## Your assignment
Print, exactly as they stand, the lines below from the one that has "19.12.25 Letzte Woche" to the one that has "Ksiaze Albert i", inclusive, leaving out the pictures.

## Recorded information
----------------------------------------

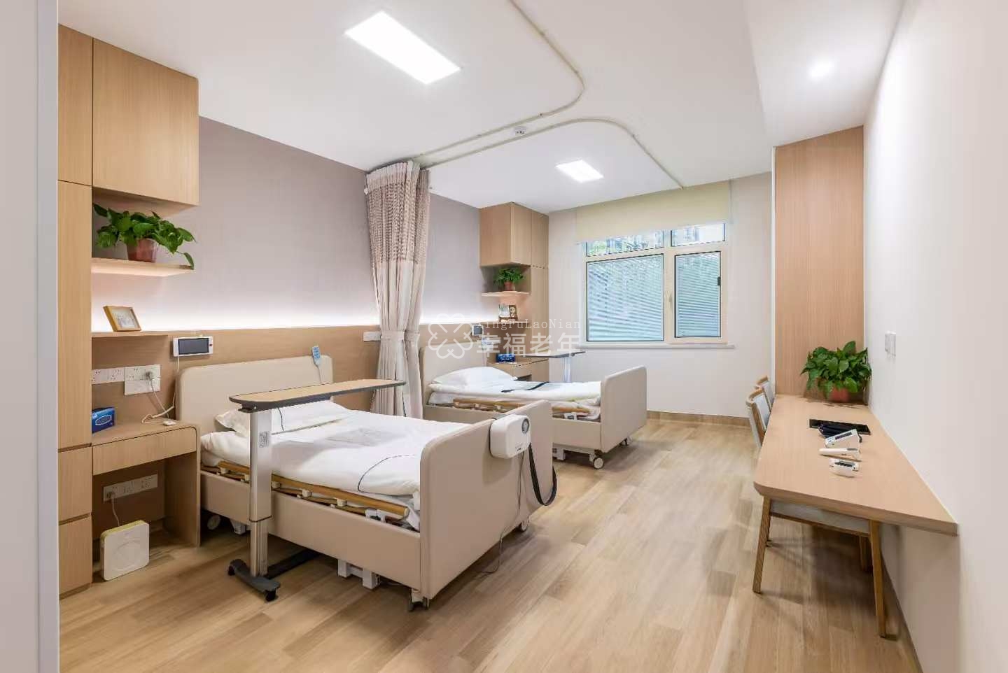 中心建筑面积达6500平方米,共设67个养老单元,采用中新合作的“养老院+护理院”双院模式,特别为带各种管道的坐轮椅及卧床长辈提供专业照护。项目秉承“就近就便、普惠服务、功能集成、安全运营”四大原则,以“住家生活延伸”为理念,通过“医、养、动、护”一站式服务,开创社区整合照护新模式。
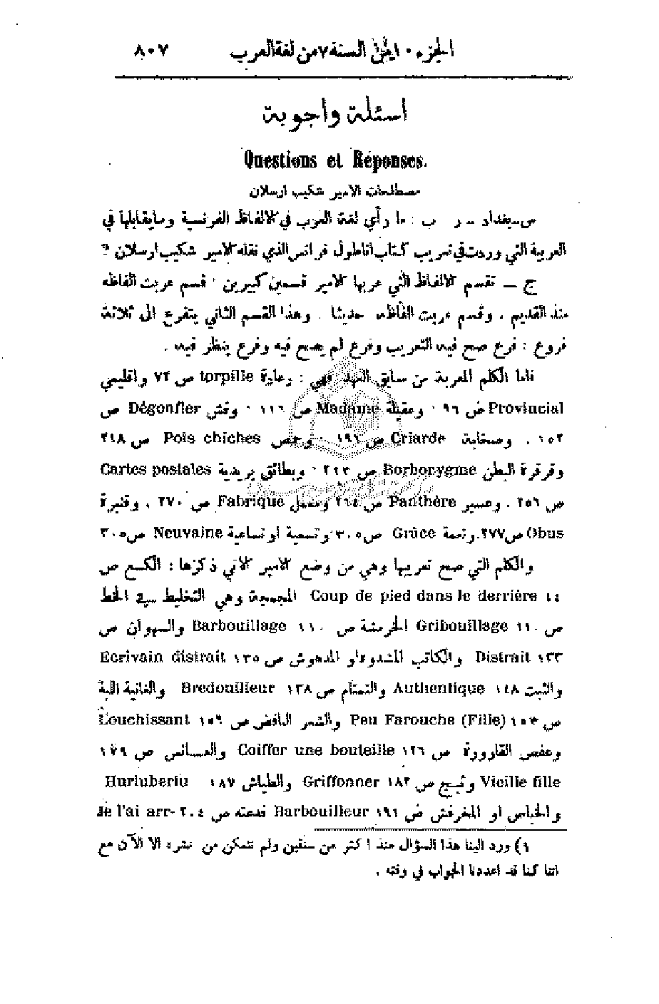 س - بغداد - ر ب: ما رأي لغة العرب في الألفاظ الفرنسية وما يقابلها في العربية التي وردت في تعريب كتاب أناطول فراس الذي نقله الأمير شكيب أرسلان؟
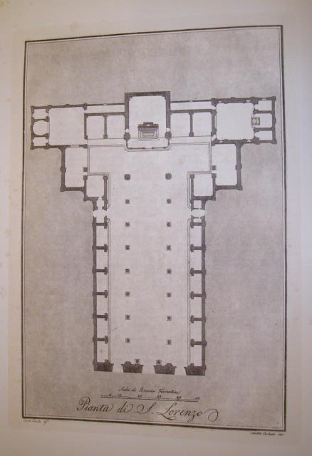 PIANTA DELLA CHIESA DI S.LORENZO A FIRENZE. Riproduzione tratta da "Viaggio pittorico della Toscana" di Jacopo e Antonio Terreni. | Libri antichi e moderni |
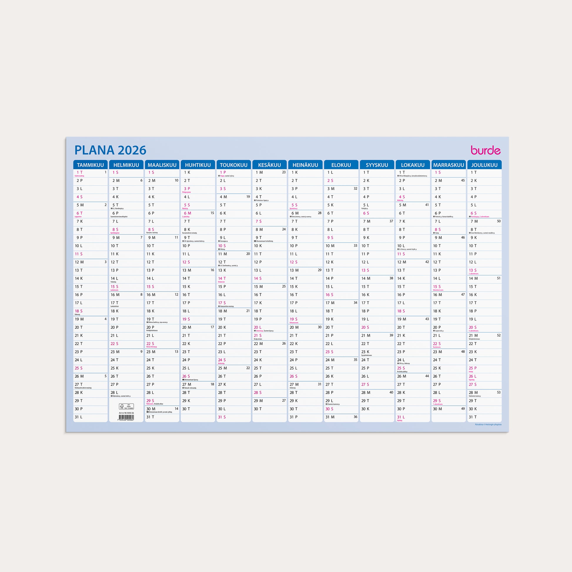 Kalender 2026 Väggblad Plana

----------------------------------------

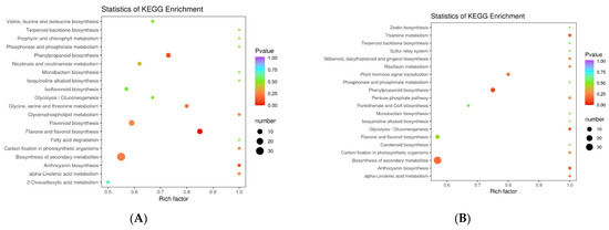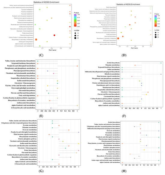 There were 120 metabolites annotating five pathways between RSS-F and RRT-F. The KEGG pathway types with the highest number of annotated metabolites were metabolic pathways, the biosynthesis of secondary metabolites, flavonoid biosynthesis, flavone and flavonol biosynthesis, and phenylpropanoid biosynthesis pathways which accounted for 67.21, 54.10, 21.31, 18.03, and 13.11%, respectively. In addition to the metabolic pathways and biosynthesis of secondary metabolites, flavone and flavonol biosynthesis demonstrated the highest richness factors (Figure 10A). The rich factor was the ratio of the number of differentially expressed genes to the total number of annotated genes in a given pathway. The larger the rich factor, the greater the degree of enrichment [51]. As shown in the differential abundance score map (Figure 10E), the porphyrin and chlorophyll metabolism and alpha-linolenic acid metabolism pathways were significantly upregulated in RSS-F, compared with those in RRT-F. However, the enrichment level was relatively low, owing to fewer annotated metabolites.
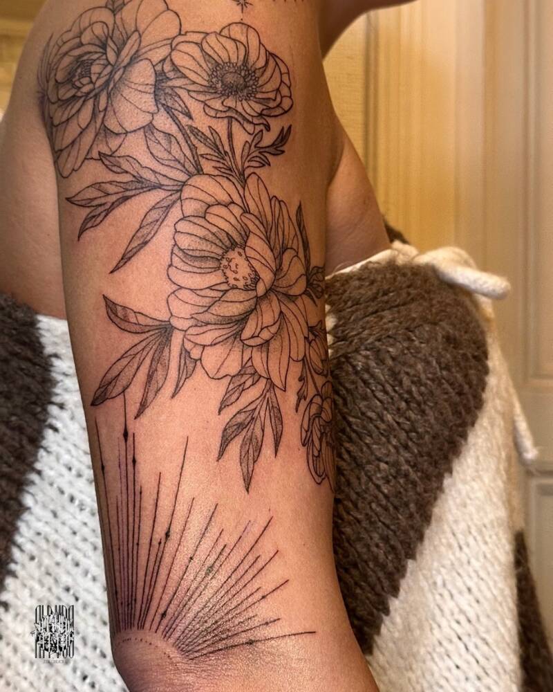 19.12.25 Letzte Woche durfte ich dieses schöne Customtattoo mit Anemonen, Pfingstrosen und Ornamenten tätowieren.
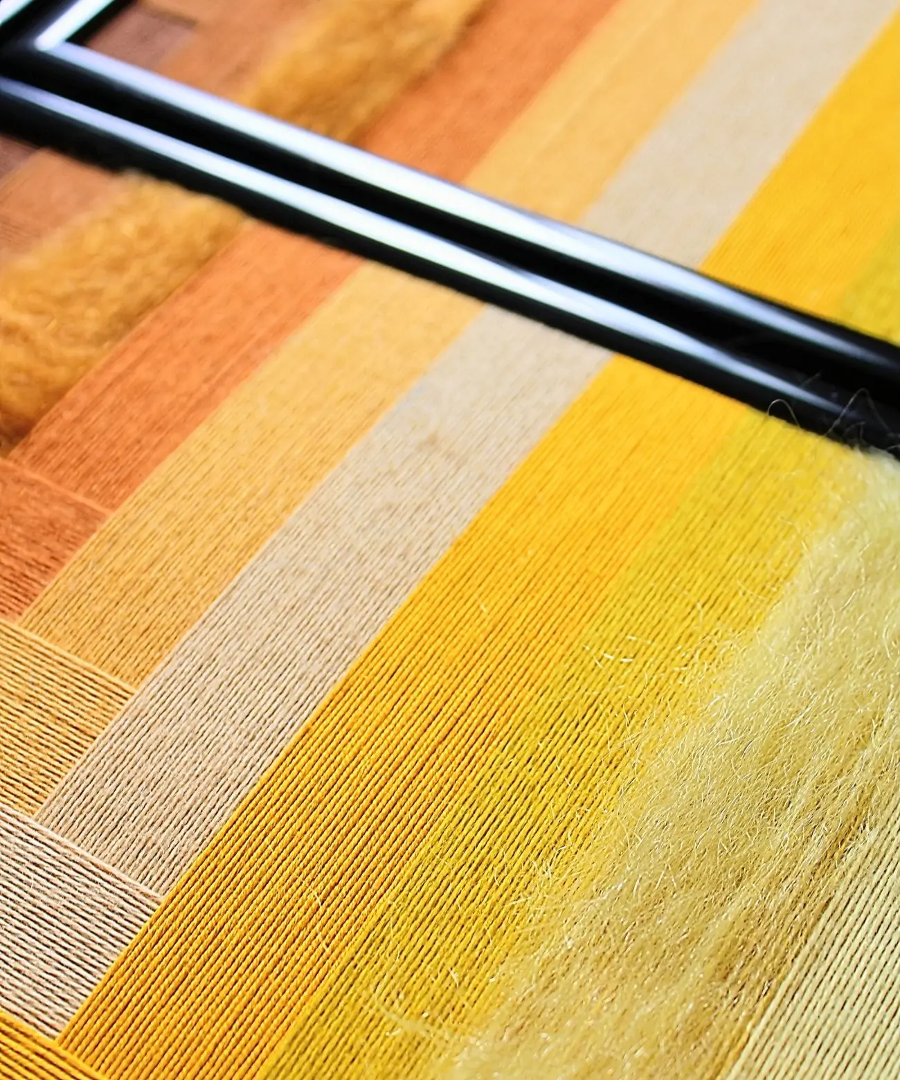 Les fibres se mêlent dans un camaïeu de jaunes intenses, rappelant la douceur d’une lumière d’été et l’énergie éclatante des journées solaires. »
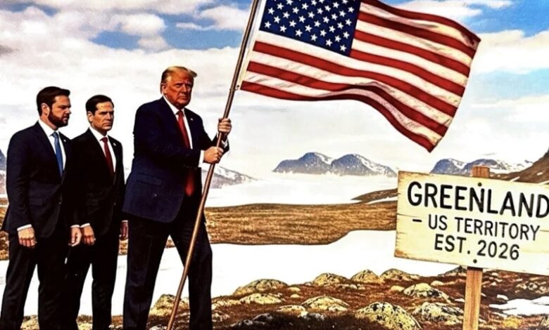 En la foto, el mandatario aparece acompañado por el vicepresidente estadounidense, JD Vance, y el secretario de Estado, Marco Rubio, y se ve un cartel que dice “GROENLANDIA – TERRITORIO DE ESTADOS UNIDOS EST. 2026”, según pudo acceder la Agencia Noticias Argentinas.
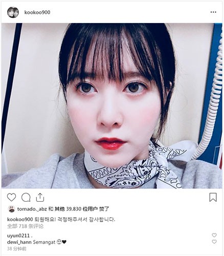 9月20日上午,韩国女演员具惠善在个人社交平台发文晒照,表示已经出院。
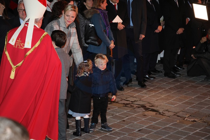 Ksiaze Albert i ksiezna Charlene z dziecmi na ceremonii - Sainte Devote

----------------------------------------

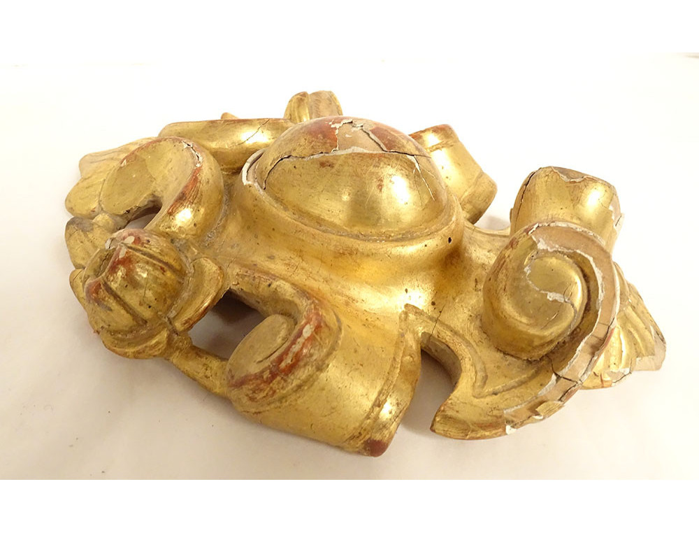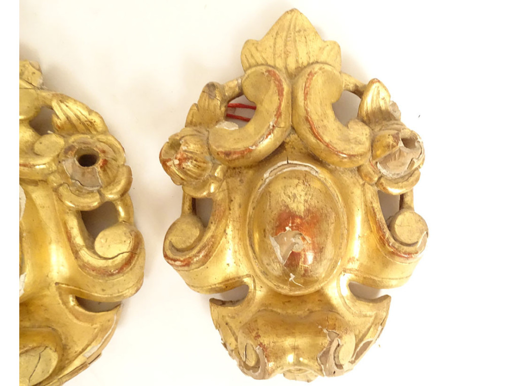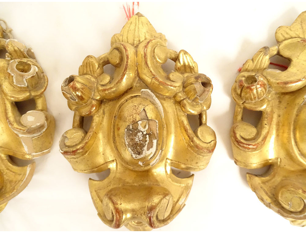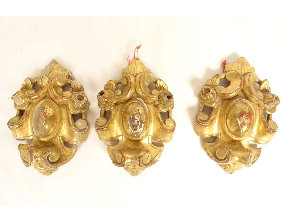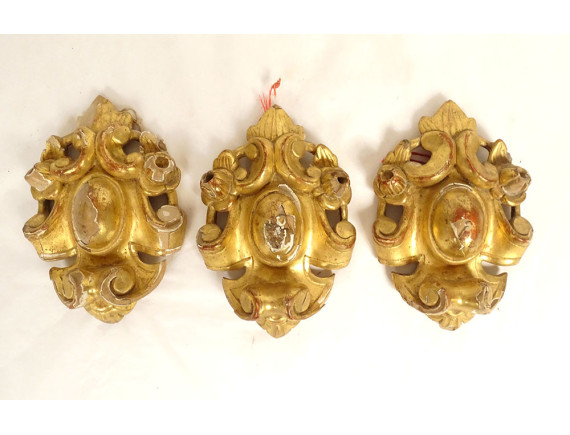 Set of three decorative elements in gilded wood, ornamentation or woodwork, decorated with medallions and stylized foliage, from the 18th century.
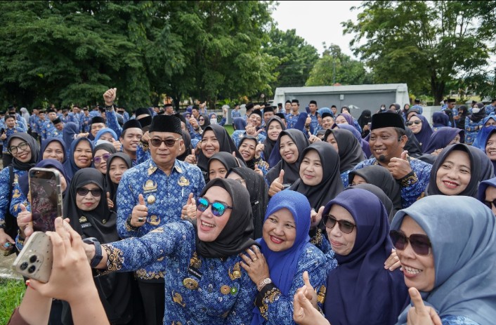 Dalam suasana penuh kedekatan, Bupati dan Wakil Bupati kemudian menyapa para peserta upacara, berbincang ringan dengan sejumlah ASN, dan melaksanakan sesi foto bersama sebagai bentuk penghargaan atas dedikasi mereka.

----------------------------------------

## Task response
 19.12.25 Letzte Woche durfte ich dieses schöne Customtattoo mit Anemonen, Pfingstrosen und Ornamenten tätowieren.
 Les fibres se mêlent dans un camaïeu de jaunes intenses, rappelant la douceur d’une lumière d’été et l’énergie éclatante des journées solaires. »
 En la foto, el mandatario aparece acompañado por el vicepresidente estadounidense, JD Vance, y el secretario de Estado, Marco Rubio, y se ve un cartel que dice “GROENLANDIA – TERRITORIO DE ESTADOS UNIDOS EST. 2026”, según pudo acceder la Agencia Noticias Argentinas.
 9月20日上午,韩国女演员具惠善在个人社交平台发文晒照,表示已经出院。
 Ksiaze Albert i ksiezna Charlene z dziecmi na ceremonii - Sainte Devote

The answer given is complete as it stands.